Her career then became international in scope, with debuts at Bayreuth in 1958, the Royal Opera House in 1959, La Scala in 1960, the Metropolitan Opera on 17 October 1962 as Amneris. In four seasons at the Met, she also sang Santuzza in Cavalleria rusticana, Eboli in Don Carlos, Azucena in Il trovatore, Waltraute in Götterdämmerung, and Dalila. She was a versatile artist, singing with equal success the French, Italian and German repertories. She enjoyed a very long career singing well into her 60s and 70s and her last role was as the Countess in Tchaikovsky's The Queen of Spades which she performed in the summer of 2007 in Ghent and Antwerp.
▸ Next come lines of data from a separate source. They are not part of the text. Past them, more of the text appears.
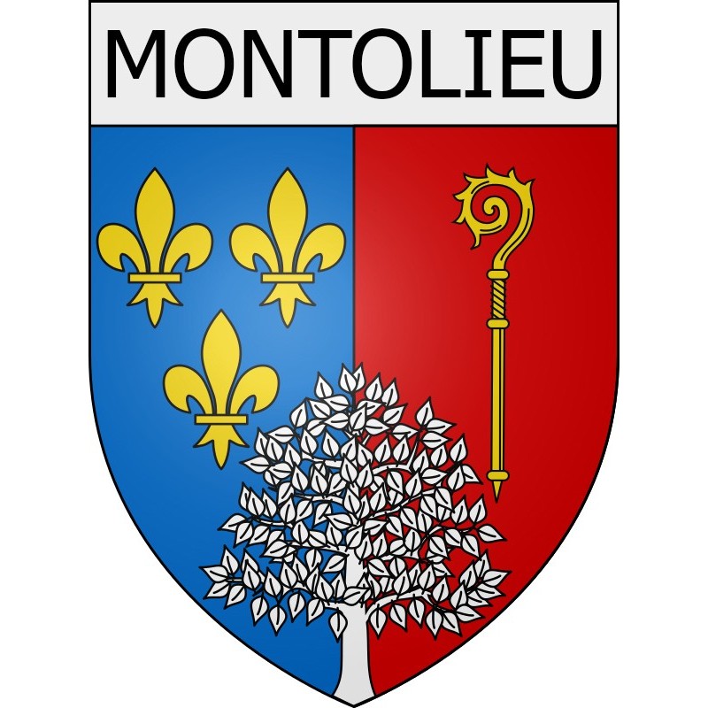Pegatinas escudo de armas de Montolieu adhesivo de la etiqueta engomada
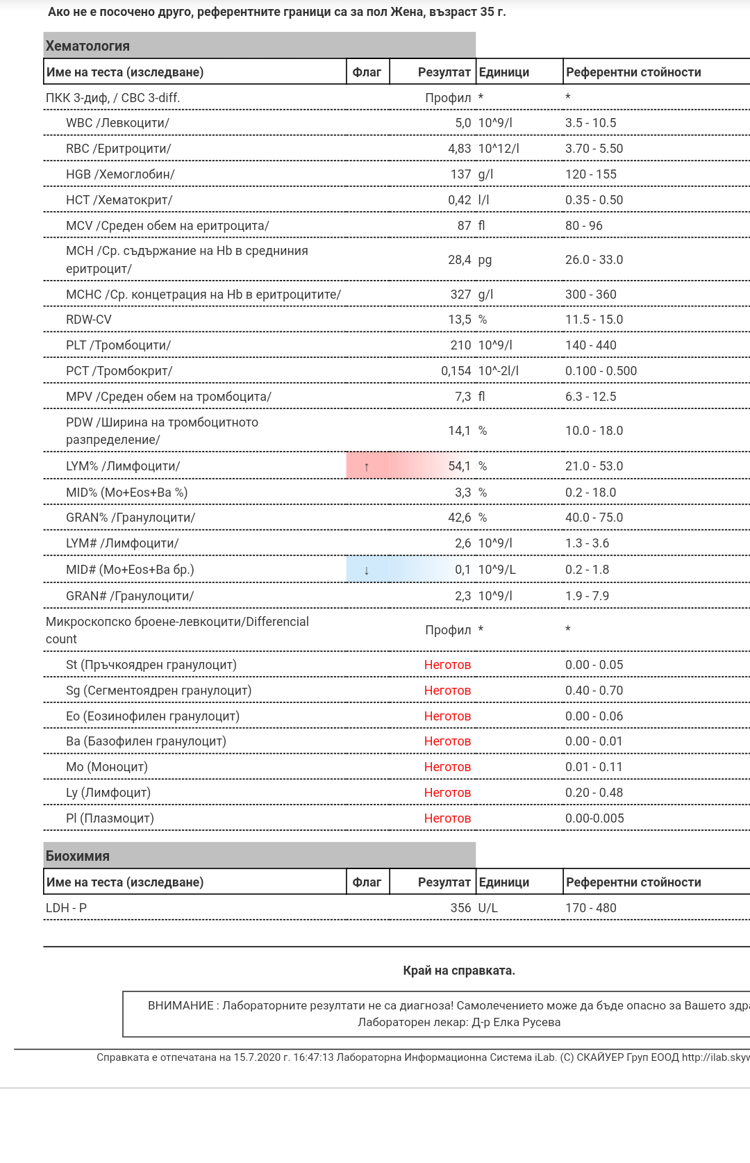 Понеже не съм очаквала лл да ми се обади и да ме прати на пулмолог днес, аз на своя глава отидох сутринта в лабораторията и си пуснах отново кръвни. Еми, познайте какво се вижда сега, една седмица по-късно: лимфоцитоза!
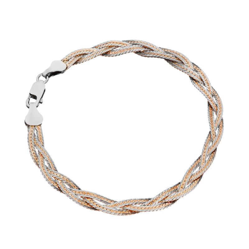 Жіночий позолочений браслет з плетінням ''коса''. Прикраса виконана зі срібла 925 проби, покрита золотом 585 проби 4 мкрн, яка не буде стиратися при повсякденному носінні.
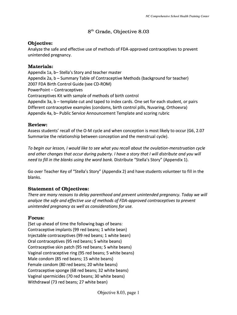 NC Comprehensive School Health Training Center 8th Grade, Objective 8.03 Objective: Analyze the safe and effective use of methods of FDA approved contraceptives to prevent unintended pregnancy. Materials:
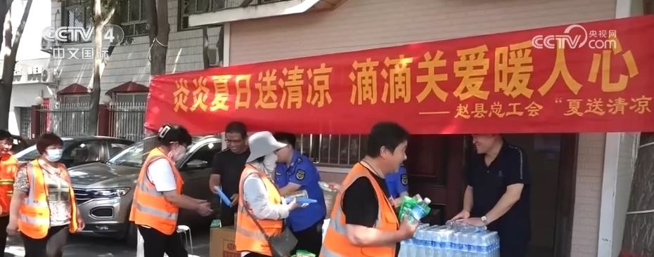 北京、河北、山東等地組織多批次“送清涼”“送健康”活動(dòng)。在服務(wù)驛站配備飲用水、藿香正氣水等防暑降溫物資,方便外賣小哥、外來(lái)游客、一線環(huán)衛(wèi)工人等避暑納涼。
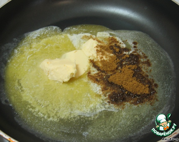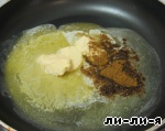 Растопить сливочное масло на сковороде и добавить смесь карри. Дать маслу немного впитать аромат этой специи.
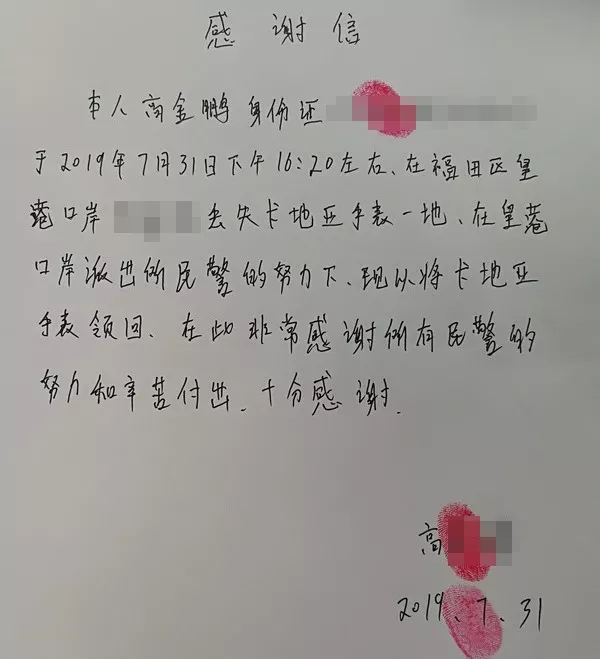7月31日,皇崗口岸派出所接到事主高先生報(bào)警稱,其17時(shí)許在皇崗口岸某處遺失一塊手表(購(gòu)置價(jià)4萬(wàn)余元)。巡段民警周剛迅速出警,將事主帶回派出所詢問(wèn)情況,民警周元華通過(guò)大數(shù)據(jù)分析研判,發(fā)現(xiàn)遺失手表被一男子拾到,且該男子一直在原地等待失主并未離開(kāi)。隨后,周元華將男子帶回派出所歸還失物,高先生向拾金不昧的好心人表示感謝,并給民警們寫(xiě)下感謝信。
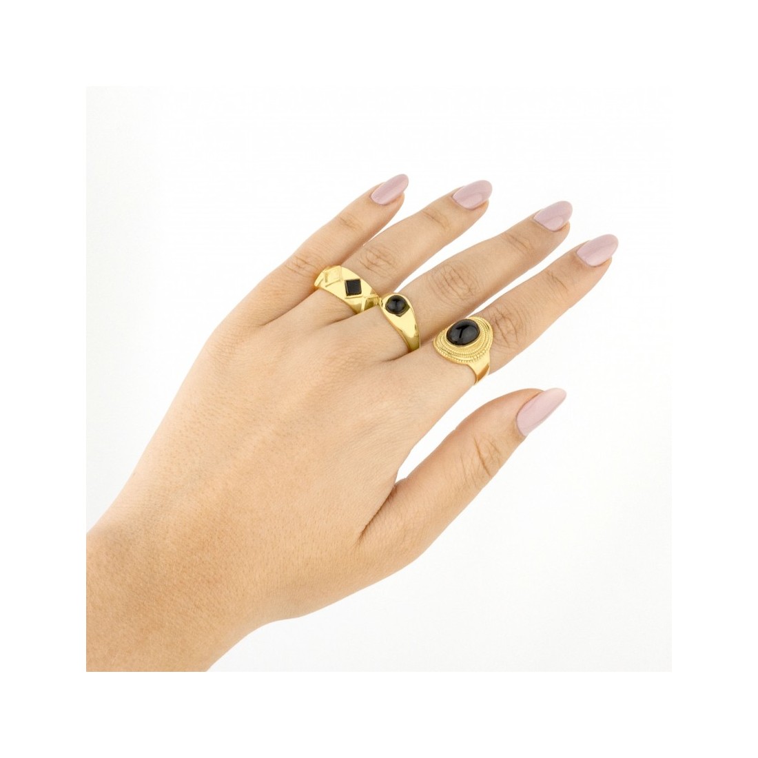 Ethnic style Golden plated Sterling Silver ring with onyx.
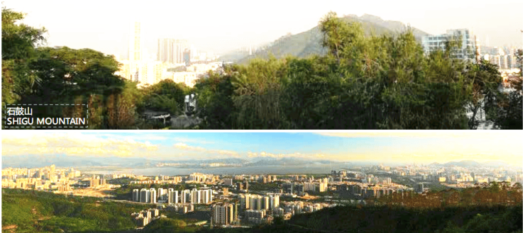 其中,洞尾山与石鼓山公园为直接视野可见景观,塘朗山公园、社区公园、西丽水库、城市绿轴由于外部或内部楼体遮挡,为局部高层可见景观。
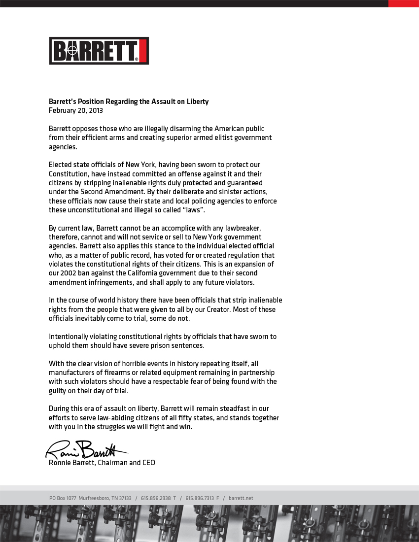 Barrett’s Position Regarding the Assault on Liberty February 20, 2013 Barrett opposes those who are illegally disarming the American public from their efficient arms and creating superior armed elitist government agencies. Elected state...
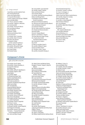 Composer’s Circle gifts of $2,500 to $4,999 Mr. and Mrs. Paul R. Abbey Mr. and Mrs. Charles Abookire, Jr. Dr. Sarah M. Anderson Mr. William App Mr. and Mrs. Jeffrey R. Appelbaum+ Mr. and Mrs. Eugene J. Beer Jamie Belkin Mr. and Mrs. Belkin Dr. Ronald and Diane* Bell Barbara and Sheldon Berns Margo and Tom Bertin John and Laura Bertsch Howard R. and Barbara Kaye Besser Mitch and Liz Blair Bill* and Zeda Blau Doug and Barbara Bletcher Georgette and Dick Bohr Mr. and Mrs. Richard H. Bole Lisa and Ronald Boyko+ Mr. and Mrs. David Briggs Mr. and Mrs. Henry G. Brownell Mrs. Frances Buchholzer Mr. Gregory and Mrs. Susan Bulone J.C. and H.F. Burkhardt Mr. and Mrs. Frank H. Carpenter Dr. Victor A. Ceicys Mr. and Mrs. James B. Chaney Dr. Ronald* and Mrs. Sonia Chapnick Mr. Gregory R. Chemnitz Mr. and Mrs. Homer D. W. Chisholm The Circle — Young Professionals of The Cleveland Orchestra Drs. John and Mary Clough
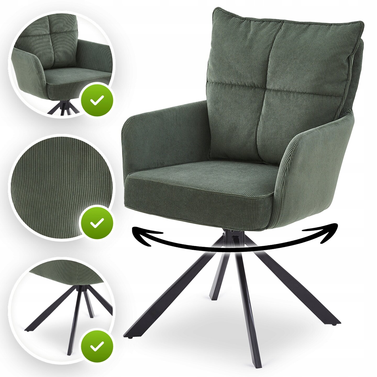 ✨ Krzesło Obrotowe Kubełkowe Tapicerowane Do Jadalni Sztruks Zielony CITY
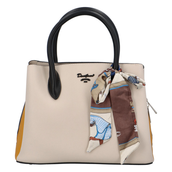 Elegantní kousek v podobě dámské, středně velké, béžové kabelky do ruky nebo přes rameno, od značky David Jones. Nosit ji můžete v ruce, na předloktí nebo s popruhem přes rameno. Objednejte ještě dnes a vyzkoušejte, vrátit ji můžete až za 30 dnů! Kabelka je pevnější, má pevné dno posázené čtyřmi kovovými cvočky a drží dobře svůj tvar. Má tři hlavní prostory, dva se uzavírají magnetickými cvoky a prostřední zipem. Bonusem je líbivý barevný šáteček na uchu kabelky a boky zbarvené do žluta.
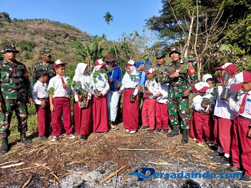 Kota Bima — Dalam rangka menyambut Hari Ulang Tahun Republik Indonesia yang ke-80, Koramil 1608-01/Rasanae bersama masyarakat dan pelajar melaksanakan kegiatan penanaman pohon keras dan buah di lingkungan Busu RT 16 RW 05, Kelurahan Ntobo, Kecamatan Raba, Kota Bima, Senin (4/8/2025). Kegiatan ini mengusung tema “Merawat Asa, Menyatu dengan Alam”, sebagai bentuk kepedulian terhadap kelestarian lingkungan, khususnya di sekitar sumber mata air Telaga.
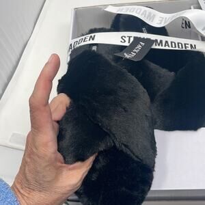 New! Steve Madden Brushed Buffalo plaid scarf with plush sandals
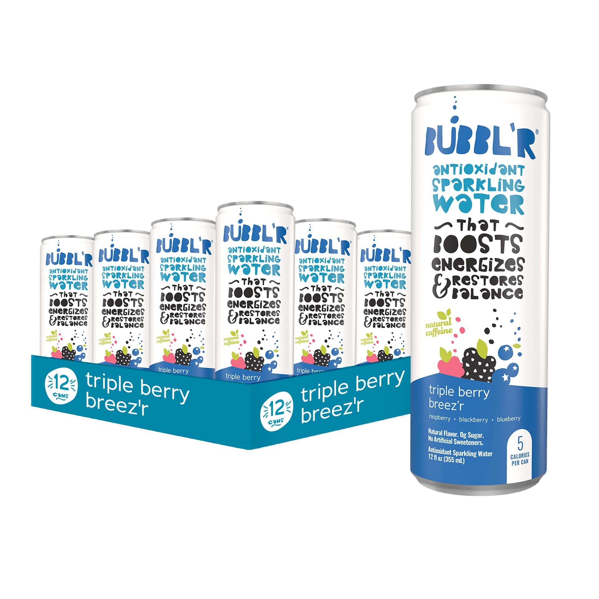 BUBBL'R triple berry breez'r, Antioxidant Sparkling Water with Natural Caffeine, 0g Sugar, Gluten Free, All Natural Flavors, 12 Fl Oz Cans, 12 Count triple berry breez'r 12 Fl Oz (Pack of 12)
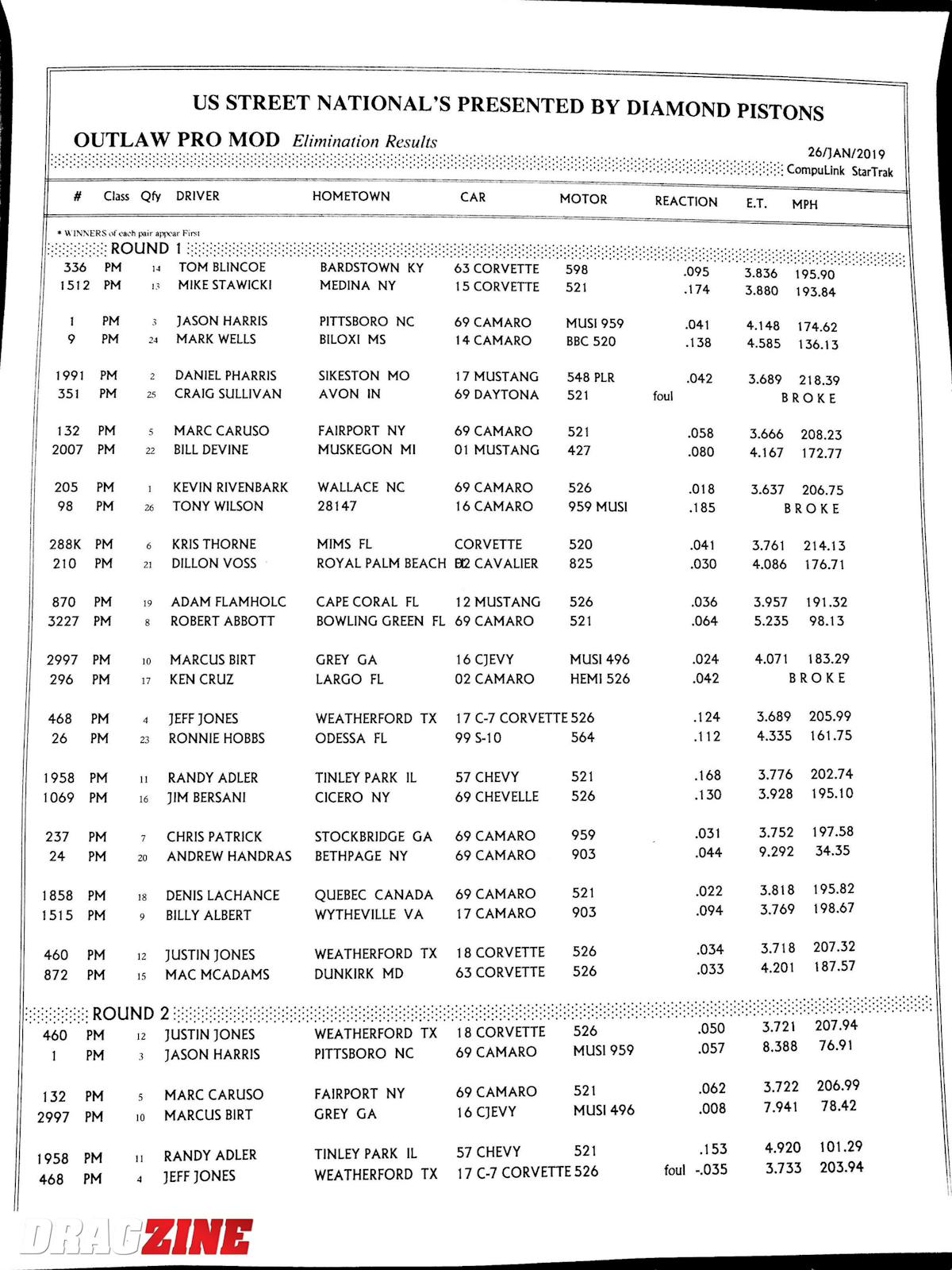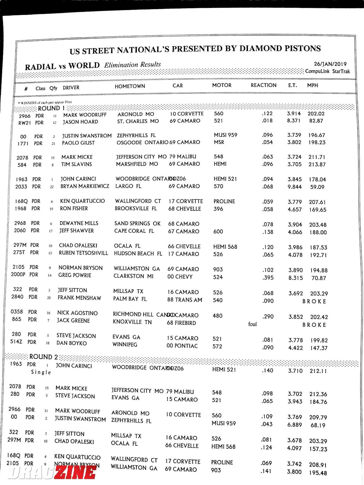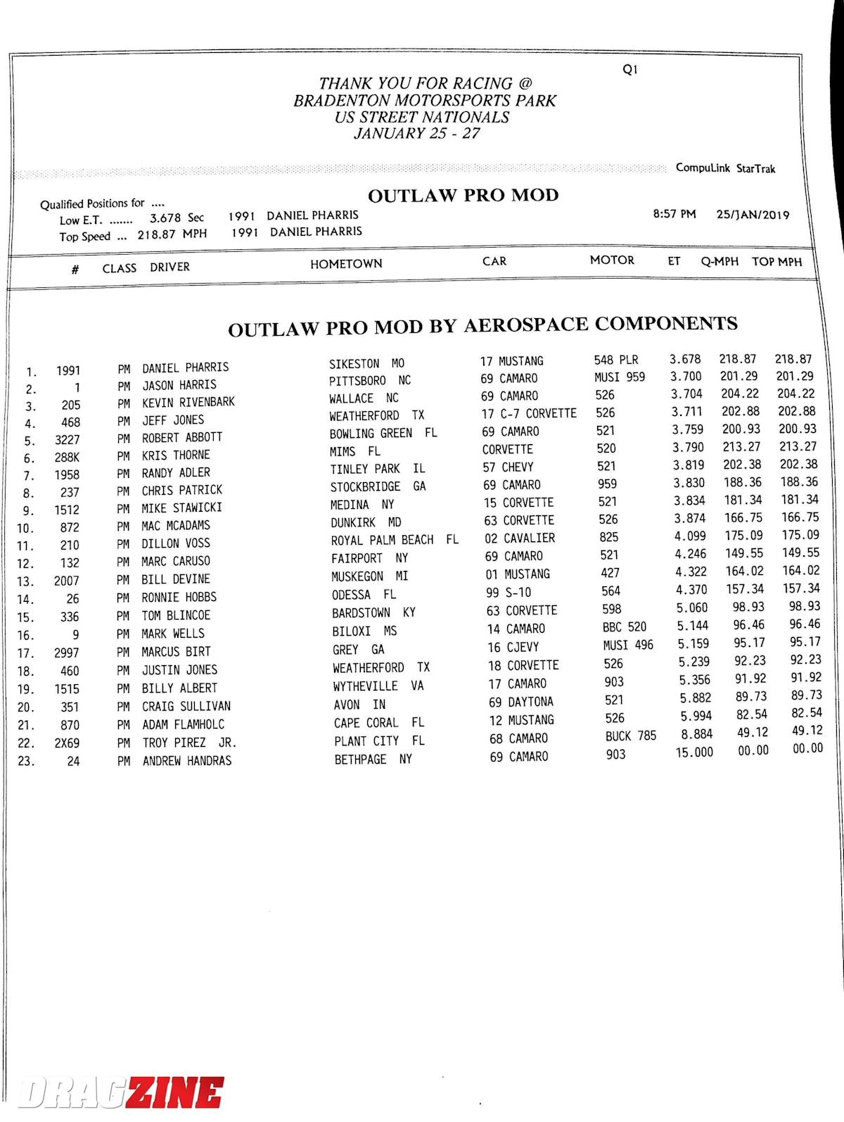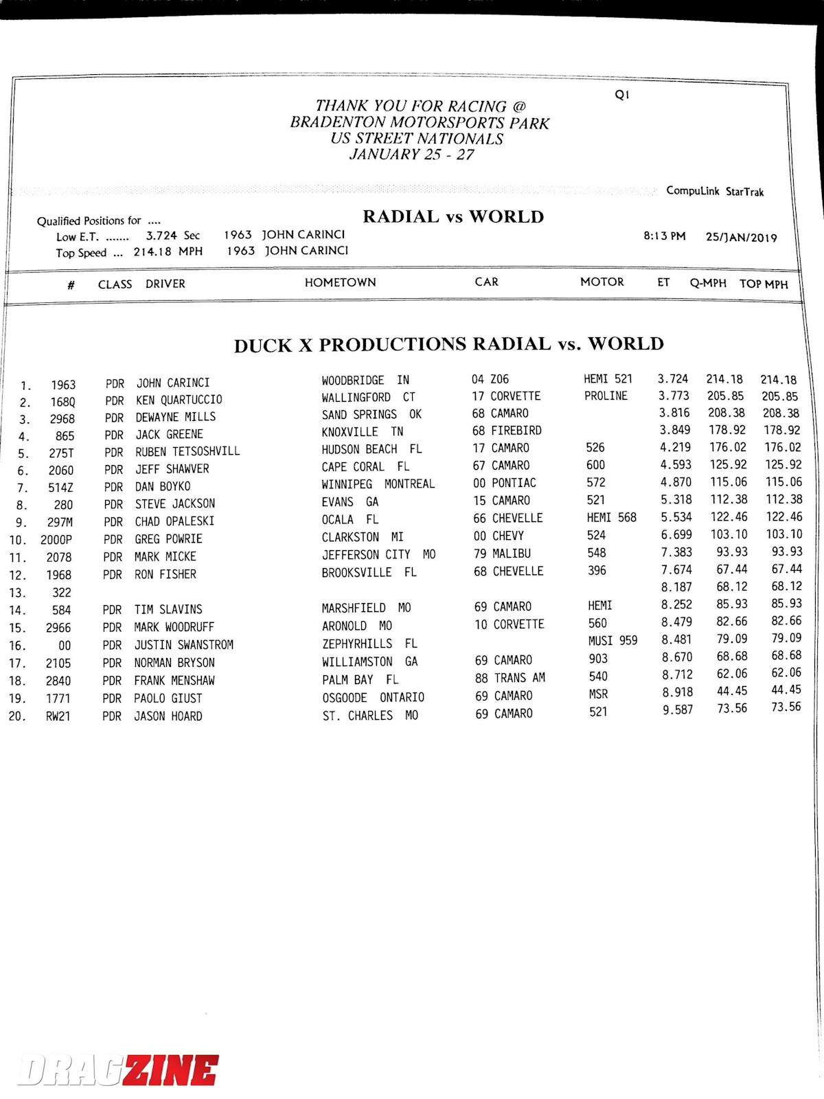 Duck X Radial vs the World. Aerospace Components Outlaw Pro Mod, Open Outlaw. Daniel Pharris led the Outlaw Pro Mod field with one session of qualifying in the books setting another personal best with a 3.678 at 218 MPH.John Carinci napped the top position in Radial vs the World with a 3.74 at 214, a solid run for Carinci.
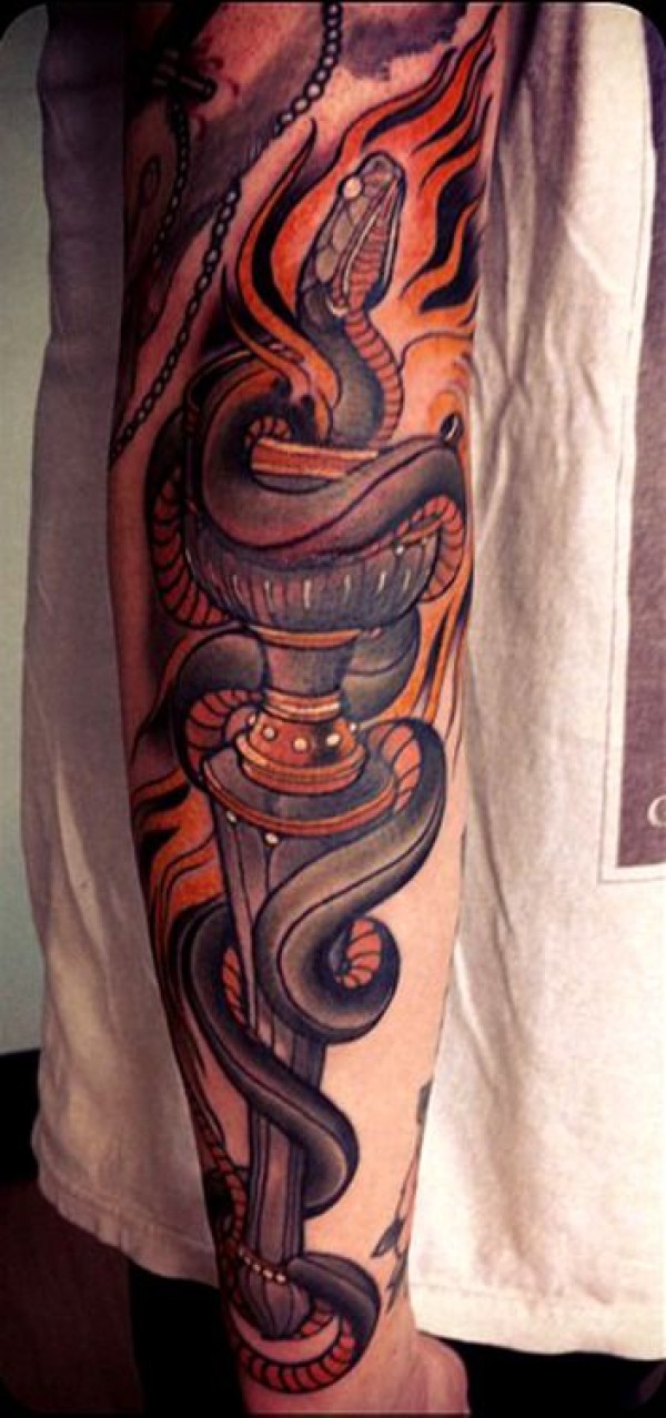 一款经典超酷的花臂蛇纹身图案_花臂纹身图案大全_纹身图吧

Gorr believed that 'trouser-roles' did not suit her; she did however, sing Lel in The Snow Maiden in 1955 in concert and Octavian in 1958.

Although mainly active on stage, Gorr also sang occasionally in the concert hall, in works by Schumann, Duparc and Wagner; she recorded Mahler lieder.

Gorr can be heard in two of her greatest roles on recordings: Ortrud in Lohengrin in the 1965 studio performance under Erich Leinsdorf, opposite Sándor Kónya and Lucine Amara, as well as in the 1959 live performance from the Bayreuth Festival conducted by Lovro von Matačić; and Amneris in Aida in the 1961 studio performance under Georg Solti, opposite Leontyne Price and Jon Vickers. Other recorded roles include Dalila in Samson and Delilah under Georges Prêtre in 1962 (studio), Charlotte in Werther under Jésus Etcheverry in 1964 (radio broadcast), Margared in Le Roi d'Ys under André Cluytens in 1957 (studio), Mère Marie in Dialogues des Carmélites under Pierre Dervaux in 1958 (studio), Geneviève in Pelléas et Mélisande under Jean Fournet in 1953 (studio), Fricka in Die Walküre under Erich Leinsdorf in 1961 (studio), as well as both roles of Fricka in Das Rheingold and Die Walküre, Grimgerde in Die Walküre and the Third Norn in Götterdämmerung —
all four in live performances at the Bayreuth Festival in 1958 under Hans Knappertsbusch. She also recorded excerpts from Orphée et Eurydice (Orphée), Hérodiade (title role) and La damnation de Faust, as well as recitals on Pathé.
Gorr can be heard in one of her rarest roles, in an excerpt from Cherubini's Medea (recorded in French) with the Orchestre du Theatre National de l'Opera under Georges Prêtre on ASTX 130502 Pathe-Marconi, and in excerpts from two of her other Wagner roles — Isolde and Elisabeth — under André Cluytens on Testament SBT1256.

In her later life, Gorr made her home in Dénia, Spain. Oresko describes her as giving "the impression of regal grandeur and control by the solidness of her vocal production and a unique gift for instinctive authority".